Source material ::

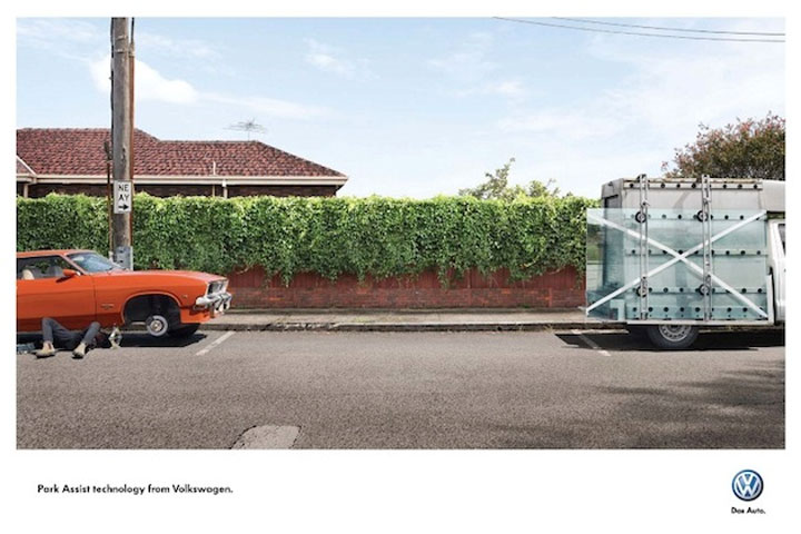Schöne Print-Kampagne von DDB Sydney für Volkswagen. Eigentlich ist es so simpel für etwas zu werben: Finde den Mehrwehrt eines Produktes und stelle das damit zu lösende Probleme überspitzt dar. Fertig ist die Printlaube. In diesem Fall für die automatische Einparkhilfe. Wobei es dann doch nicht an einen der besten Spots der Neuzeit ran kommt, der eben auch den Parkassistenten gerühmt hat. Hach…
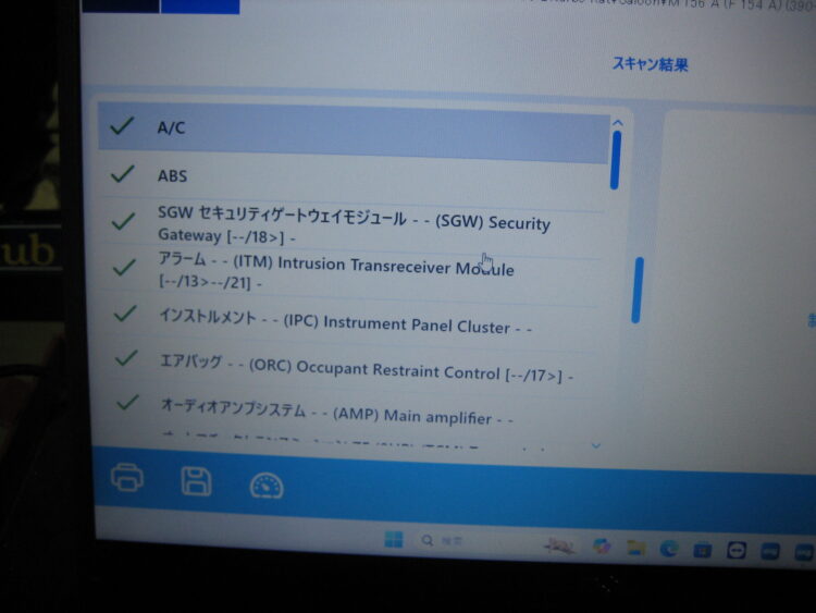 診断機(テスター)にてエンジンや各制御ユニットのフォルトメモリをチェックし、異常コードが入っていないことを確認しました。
---
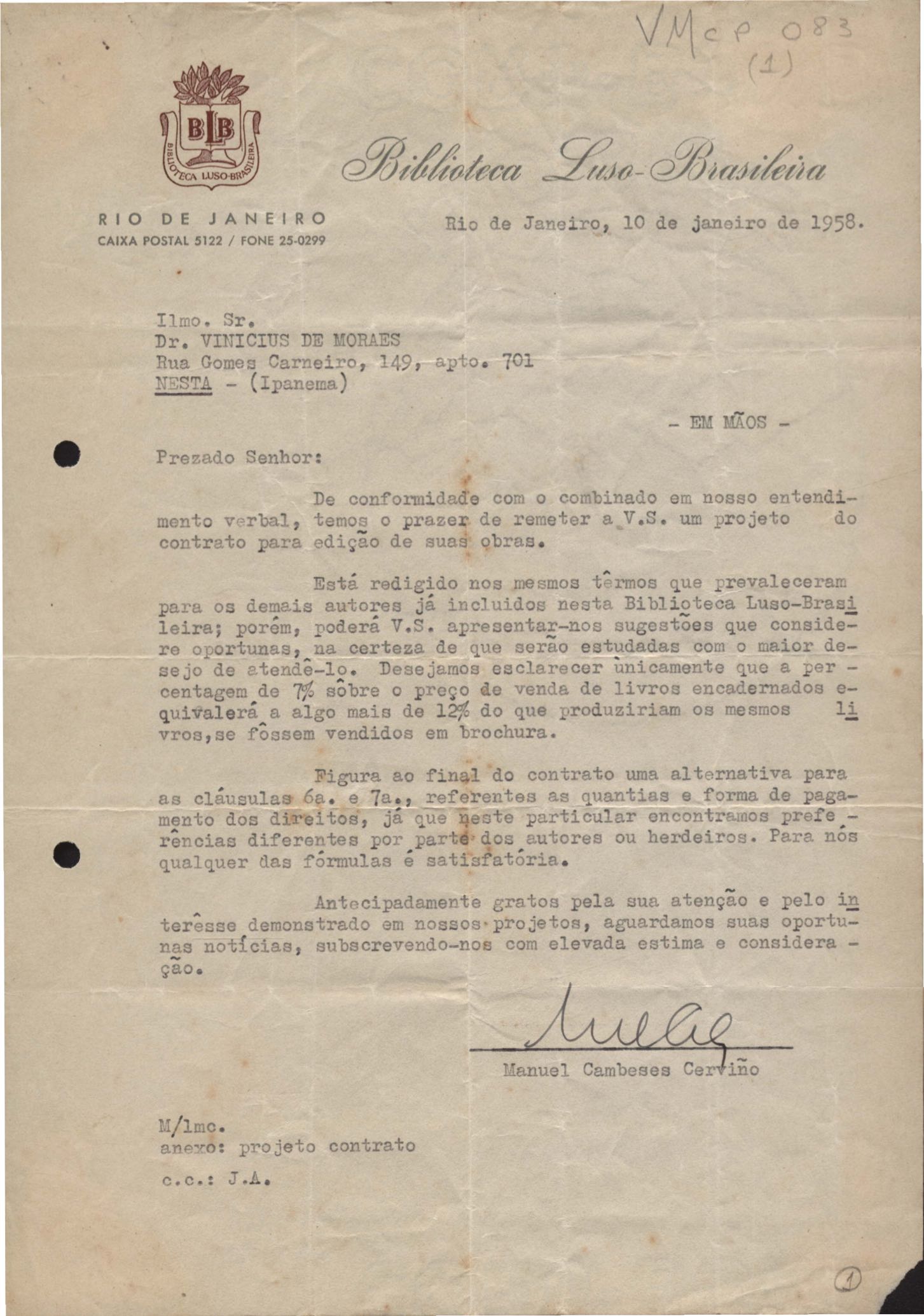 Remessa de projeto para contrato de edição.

Work request ::
Leaving each picture behind, please give again exactly the lines above from the one with "Schöne Print-Kampagne von" through the one with "診断機(テスター)にてエンジ", both included, and no others.

Task output ::
Schöne Print-Kampagne von DDB Sydney für Volkswagen. Eigentlich ist es so simpel für etwas zu werben: Finde den Mehrwehrt eines Produktes und stelle das damit zu lösende Probleme überspitzt dar. Fertig ist die Printlaube. In diesem Fall für die automatische Einparkhilfe. Wobei es dann doch nicht an einen der besten Spots der Neuzeit ran kommt, der eben auch den Parkassistenten gerühmt hat. Hach…
 診断機(テスター)にてエンジンや各制御ユニットのフォルトメモリをチェックし、異常コードが入っていないことを確認しました。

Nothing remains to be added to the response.